» WHAT IS REQUIRED:
Using the data below, copy every line that contains the word "Ελλάδα".

__________

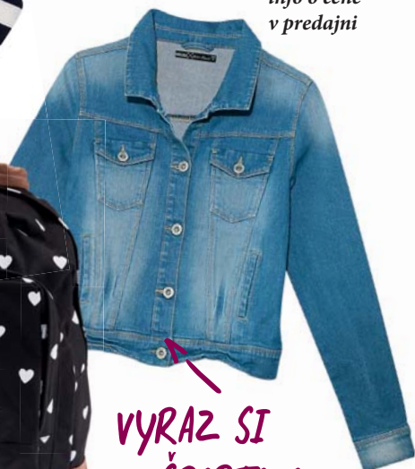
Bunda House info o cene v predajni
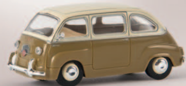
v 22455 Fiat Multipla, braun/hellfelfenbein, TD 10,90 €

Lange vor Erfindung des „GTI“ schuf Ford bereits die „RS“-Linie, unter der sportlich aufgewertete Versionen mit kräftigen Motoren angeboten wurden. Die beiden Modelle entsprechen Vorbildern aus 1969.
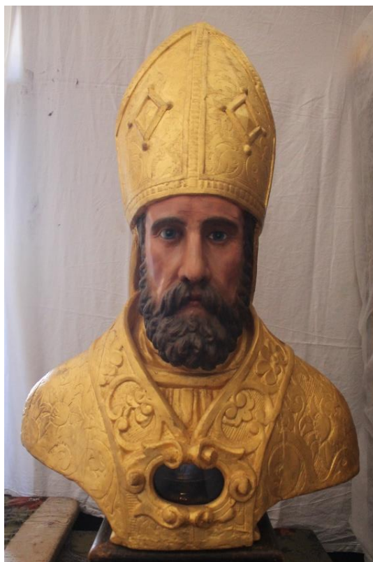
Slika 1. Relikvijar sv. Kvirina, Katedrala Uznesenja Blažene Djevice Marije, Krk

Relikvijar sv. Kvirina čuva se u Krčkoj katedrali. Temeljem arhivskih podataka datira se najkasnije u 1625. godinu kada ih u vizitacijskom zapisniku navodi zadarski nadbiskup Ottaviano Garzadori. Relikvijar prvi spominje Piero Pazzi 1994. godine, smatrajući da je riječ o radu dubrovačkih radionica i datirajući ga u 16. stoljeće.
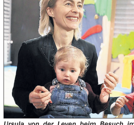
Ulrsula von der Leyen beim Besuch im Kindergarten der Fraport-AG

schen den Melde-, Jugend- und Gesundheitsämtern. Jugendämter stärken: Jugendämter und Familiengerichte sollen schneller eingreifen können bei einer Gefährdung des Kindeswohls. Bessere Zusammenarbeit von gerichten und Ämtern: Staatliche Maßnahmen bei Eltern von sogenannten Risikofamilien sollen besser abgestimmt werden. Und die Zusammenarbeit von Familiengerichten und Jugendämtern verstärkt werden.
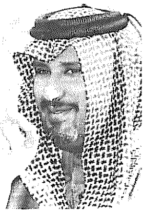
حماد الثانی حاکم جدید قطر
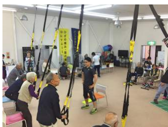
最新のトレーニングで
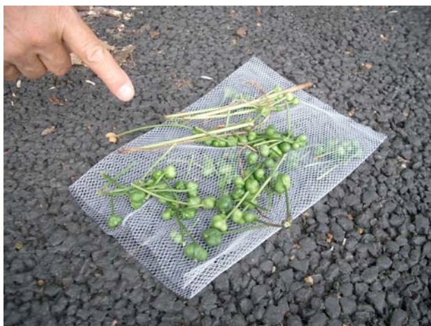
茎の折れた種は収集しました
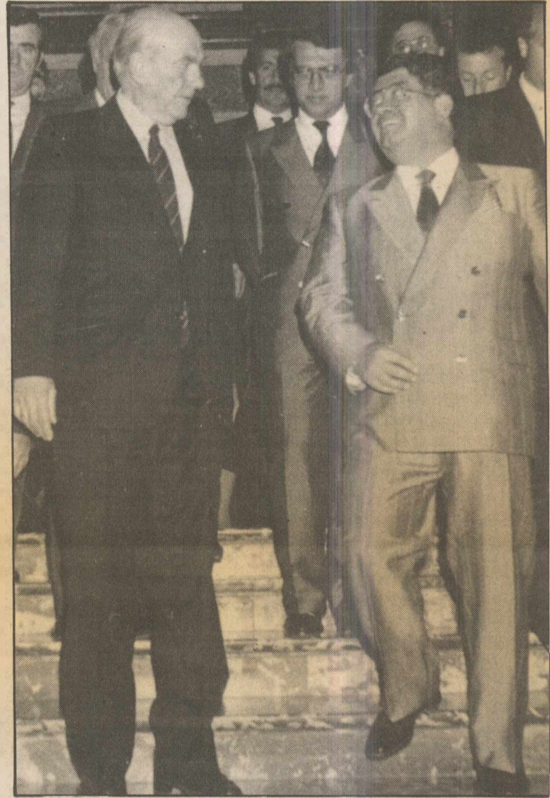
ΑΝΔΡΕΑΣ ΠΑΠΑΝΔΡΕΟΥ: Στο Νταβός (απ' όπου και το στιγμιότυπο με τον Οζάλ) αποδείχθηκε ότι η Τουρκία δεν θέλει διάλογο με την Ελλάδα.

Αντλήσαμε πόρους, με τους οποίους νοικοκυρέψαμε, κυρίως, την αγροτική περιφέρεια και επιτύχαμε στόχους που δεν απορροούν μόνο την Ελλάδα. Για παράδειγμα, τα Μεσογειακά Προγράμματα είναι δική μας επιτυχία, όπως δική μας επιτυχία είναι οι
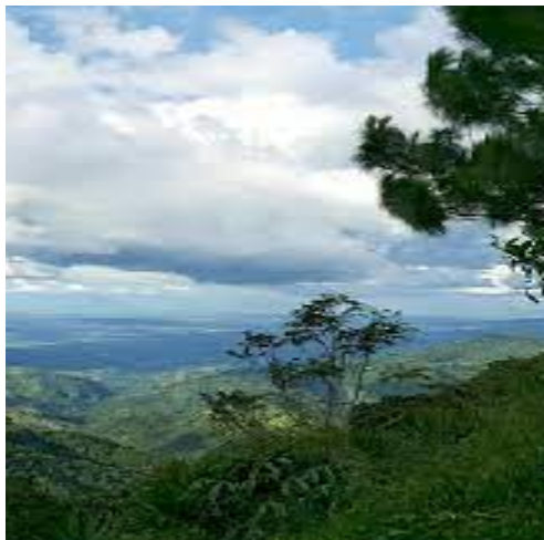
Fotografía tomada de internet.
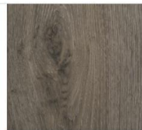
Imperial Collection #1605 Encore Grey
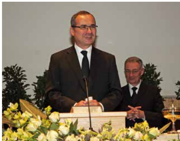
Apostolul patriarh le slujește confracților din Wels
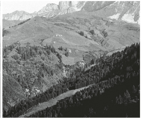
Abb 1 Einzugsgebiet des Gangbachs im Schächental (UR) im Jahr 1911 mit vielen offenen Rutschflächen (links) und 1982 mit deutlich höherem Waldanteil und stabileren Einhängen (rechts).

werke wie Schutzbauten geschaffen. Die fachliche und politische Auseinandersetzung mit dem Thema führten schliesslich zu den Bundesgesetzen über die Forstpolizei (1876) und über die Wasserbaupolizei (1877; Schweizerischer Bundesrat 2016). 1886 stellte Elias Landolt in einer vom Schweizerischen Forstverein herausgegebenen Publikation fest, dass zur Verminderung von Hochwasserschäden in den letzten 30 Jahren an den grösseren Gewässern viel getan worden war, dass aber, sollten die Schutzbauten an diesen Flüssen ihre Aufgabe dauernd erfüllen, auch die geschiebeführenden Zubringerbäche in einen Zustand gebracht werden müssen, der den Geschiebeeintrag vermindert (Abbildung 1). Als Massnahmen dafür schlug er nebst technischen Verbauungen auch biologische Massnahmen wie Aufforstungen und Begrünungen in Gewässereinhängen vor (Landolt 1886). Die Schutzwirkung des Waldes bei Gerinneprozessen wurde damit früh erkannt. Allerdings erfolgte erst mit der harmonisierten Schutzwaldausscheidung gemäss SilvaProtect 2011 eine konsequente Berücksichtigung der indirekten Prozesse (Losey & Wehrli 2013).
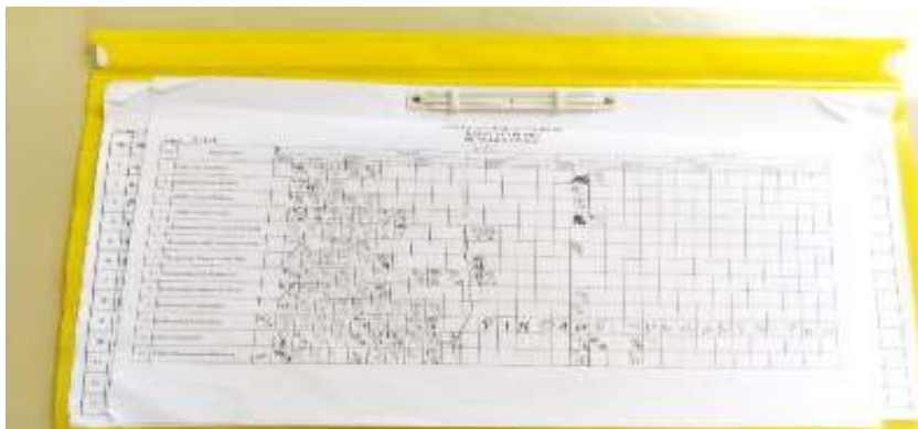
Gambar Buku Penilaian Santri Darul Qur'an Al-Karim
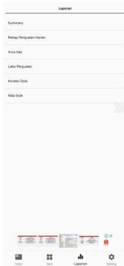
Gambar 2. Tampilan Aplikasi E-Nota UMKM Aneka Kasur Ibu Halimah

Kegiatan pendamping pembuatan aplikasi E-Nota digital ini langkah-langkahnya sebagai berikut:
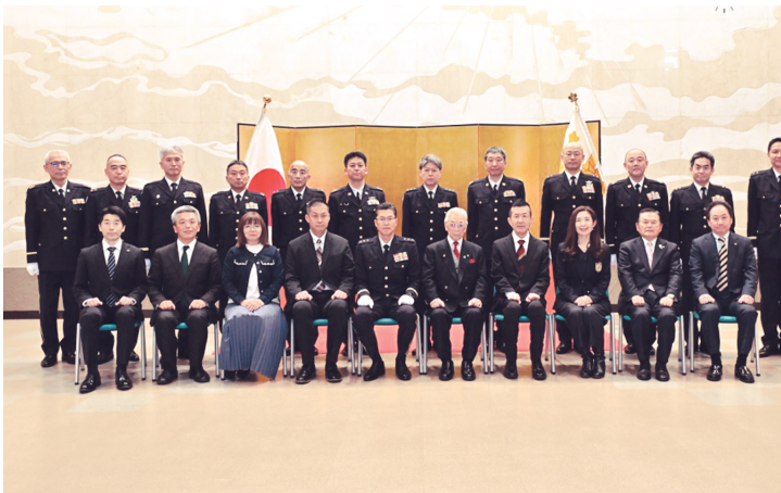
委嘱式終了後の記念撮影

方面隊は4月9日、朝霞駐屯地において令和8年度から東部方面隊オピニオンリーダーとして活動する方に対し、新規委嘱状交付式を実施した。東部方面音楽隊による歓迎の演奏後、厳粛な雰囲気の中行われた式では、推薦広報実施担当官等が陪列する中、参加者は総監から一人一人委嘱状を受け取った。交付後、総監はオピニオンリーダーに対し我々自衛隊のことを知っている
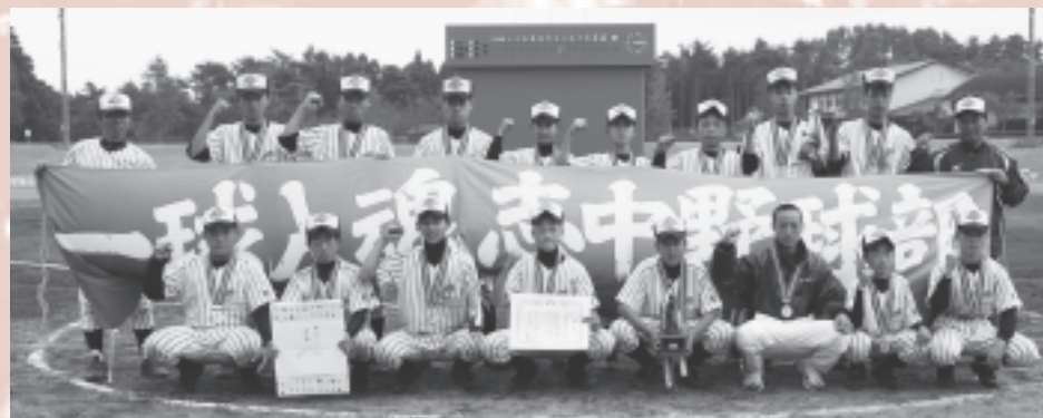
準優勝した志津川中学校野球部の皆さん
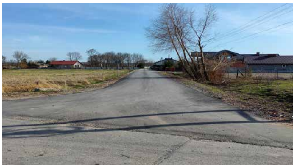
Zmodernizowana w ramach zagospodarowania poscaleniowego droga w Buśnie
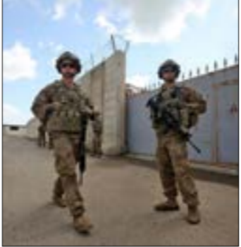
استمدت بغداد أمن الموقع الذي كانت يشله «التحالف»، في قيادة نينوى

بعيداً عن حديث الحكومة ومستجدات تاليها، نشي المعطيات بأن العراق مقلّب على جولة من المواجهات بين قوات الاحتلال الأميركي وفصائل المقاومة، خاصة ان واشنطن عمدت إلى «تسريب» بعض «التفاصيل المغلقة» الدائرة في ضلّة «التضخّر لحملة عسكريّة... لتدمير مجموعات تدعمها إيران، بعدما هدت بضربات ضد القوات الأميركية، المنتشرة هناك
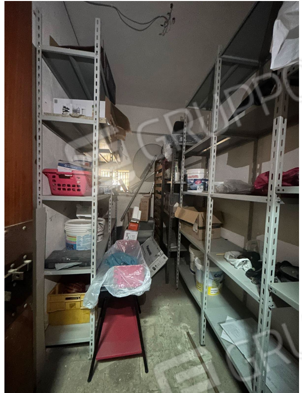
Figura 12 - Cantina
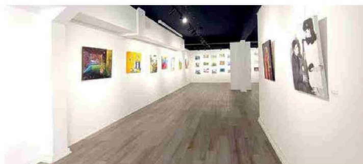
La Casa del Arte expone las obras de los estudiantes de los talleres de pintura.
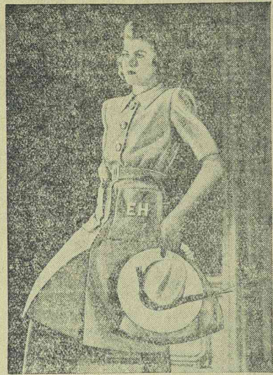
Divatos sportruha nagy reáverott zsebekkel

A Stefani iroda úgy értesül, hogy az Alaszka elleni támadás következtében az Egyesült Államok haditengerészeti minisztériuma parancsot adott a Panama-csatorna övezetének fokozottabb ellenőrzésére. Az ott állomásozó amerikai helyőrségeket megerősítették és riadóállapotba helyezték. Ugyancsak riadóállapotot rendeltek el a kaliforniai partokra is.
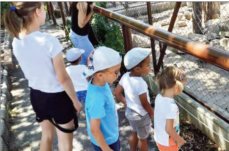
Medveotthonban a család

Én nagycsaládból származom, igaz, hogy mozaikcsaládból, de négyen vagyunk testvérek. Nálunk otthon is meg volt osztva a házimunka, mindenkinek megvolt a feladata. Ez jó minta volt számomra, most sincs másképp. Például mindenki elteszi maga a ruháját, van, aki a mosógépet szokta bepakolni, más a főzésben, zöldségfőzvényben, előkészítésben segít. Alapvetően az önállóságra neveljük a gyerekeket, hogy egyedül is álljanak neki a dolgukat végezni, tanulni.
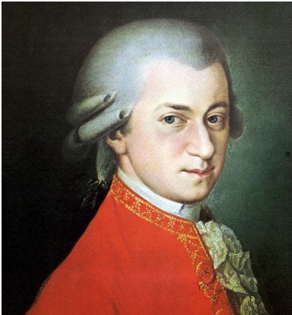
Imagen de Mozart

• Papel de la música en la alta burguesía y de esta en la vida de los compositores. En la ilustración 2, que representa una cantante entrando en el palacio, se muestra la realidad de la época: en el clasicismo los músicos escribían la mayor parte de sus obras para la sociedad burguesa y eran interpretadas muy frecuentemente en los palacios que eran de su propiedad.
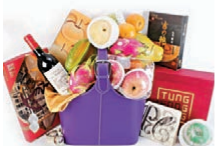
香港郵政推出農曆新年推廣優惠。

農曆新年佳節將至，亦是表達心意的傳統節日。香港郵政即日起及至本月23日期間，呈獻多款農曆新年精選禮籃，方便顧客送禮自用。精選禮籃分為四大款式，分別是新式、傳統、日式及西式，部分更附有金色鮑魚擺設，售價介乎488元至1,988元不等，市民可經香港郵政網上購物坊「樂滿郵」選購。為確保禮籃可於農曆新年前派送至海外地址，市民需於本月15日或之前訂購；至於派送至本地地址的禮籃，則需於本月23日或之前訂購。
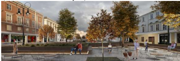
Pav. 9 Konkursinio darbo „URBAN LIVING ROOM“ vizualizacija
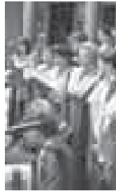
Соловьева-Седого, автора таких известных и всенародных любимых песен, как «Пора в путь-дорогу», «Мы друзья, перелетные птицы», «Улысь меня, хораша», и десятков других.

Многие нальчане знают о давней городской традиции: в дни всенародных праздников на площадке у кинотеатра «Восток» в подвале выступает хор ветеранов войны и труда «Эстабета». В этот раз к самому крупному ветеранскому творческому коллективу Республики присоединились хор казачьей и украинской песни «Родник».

__________

» TASK OUTPUT:
ΑΝΔΡΕΑΣ ΠΑΠΑΝΔΡΕΟΥ: Στο Νταβός (απ' όπου και το στιγμιότυπο με τον Οζάλ) αποδείχθηκε ότι η Τουρκία δεν θέλει διάλογο με την Ελλάδα.
Αντλήσαμε πόρους, με τους οποίους νοικοκυρέψαμε, κυρίως, την αγροτική περιφέρεια και επιτύχαμε στόχους που δεν απορροούν μόνο την Ελλάδα. Για παράδειγμα, τα Μεσογειακά Προγράμματα είναι δική μας επιτυχία, όπως δική μας επιτυχία είναι οι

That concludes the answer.